An implied warranty of fitness for a particular purpose is implied because it does not need to actually be stated either orally or in writing. Rather, it is automatically made when the manufacturer sells the product.

What does it mean for a vehicle to be crashworthy? What is vehicle crashworthiness?

A vehicle is said to be crashworthy if it protects its occupants during an accident. If you are involved in an accident and your injuries are worse because of the vehicle you were in, then you may have a vehicle crashworthiness case against the manufacturer of the vehicle?

What is the risk/benefit defense? Can/will the manufacturer of the product that injured me/hurt me/caused my injuries argue that it shouldn’t be held liable because the benefits of the product outweigh its risks?

Yes, in a products liability case, the manufacturer of the product that injured you may try to argue that it shouldn’t be held liable because the benefits of its products outweighed the risks of injuries. This is known as the “risk/benefit” defense.

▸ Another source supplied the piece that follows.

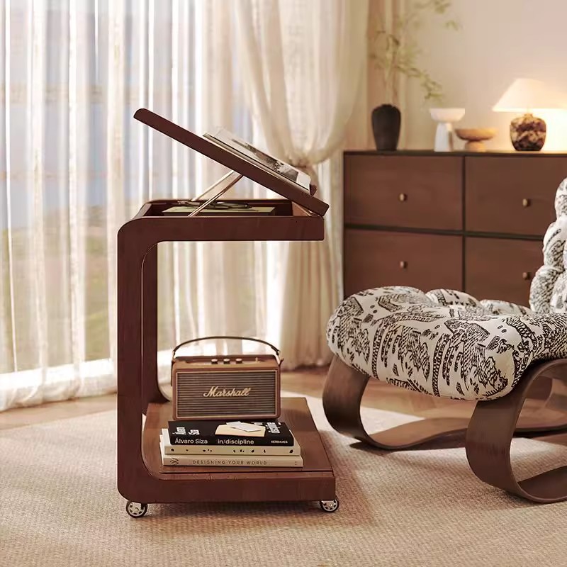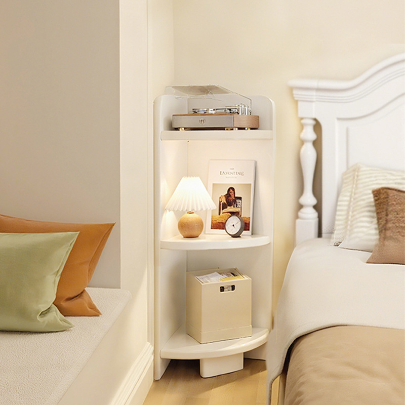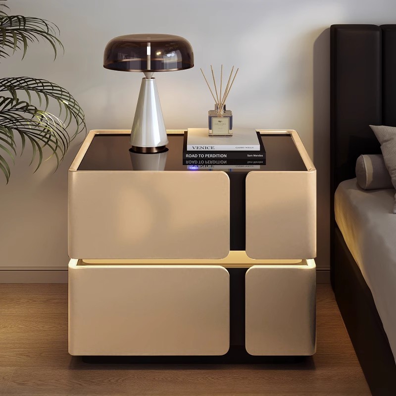 黑色床头柜带灯2025新款轻奢高级感家用卧室设计感小众实木床边柜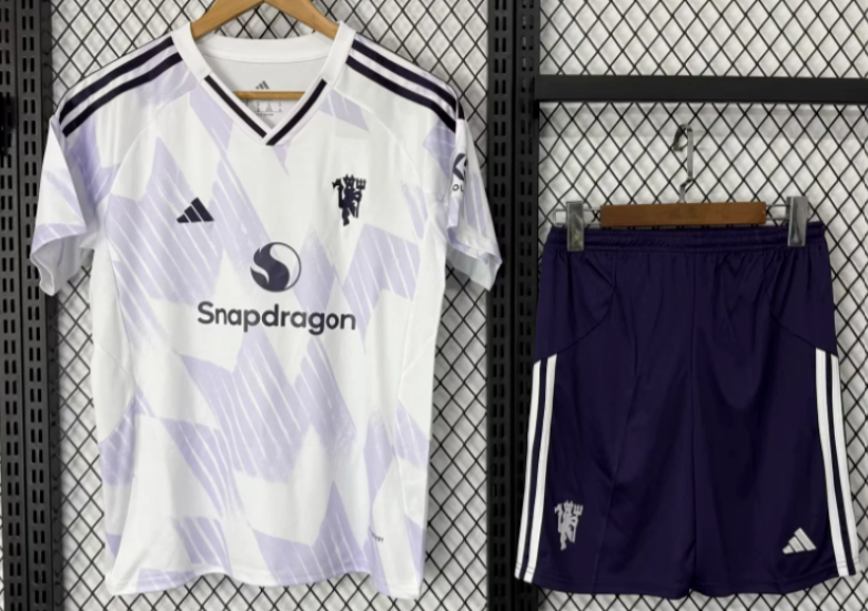 Kids Man United 25/26 Away Kit The Kids Man United 25/26 away kit features a white and light lavender colour scheme with dark purple accents, drawing inspiration from the ‘snowflake’ design of the 90-92 away kit. Adidas incorporated an overlapping v-collar and the devil logo on the kit, diverging from the full Manchester United crest.   The Kids…

What is negligence per se?

Negligence per se indicates that there is only one way in which an accident could have happened. For example, in certain situations, when you are injured by a product, there is only one way in which you could have been injured – the product must have failed. Otherwise, you wouldn’t have been injured. This is referred to as negligence per se.

Anthony Quackenbush handles products liability and defective products cases throughout the State of Florida. If you’ve been injured due to a defective product, call Mr. Quackenbush at 786-294-7711 for a free, no obligation consultation. He will happily talk to you about your case at no charge to you.

Should Mr. Quackenbush become your lawyer, he will do so on a contingency basis. This means that you won’t be charged until Mr. Quackenbush makes a recovery in your case – so there is no risk to you whatsoever.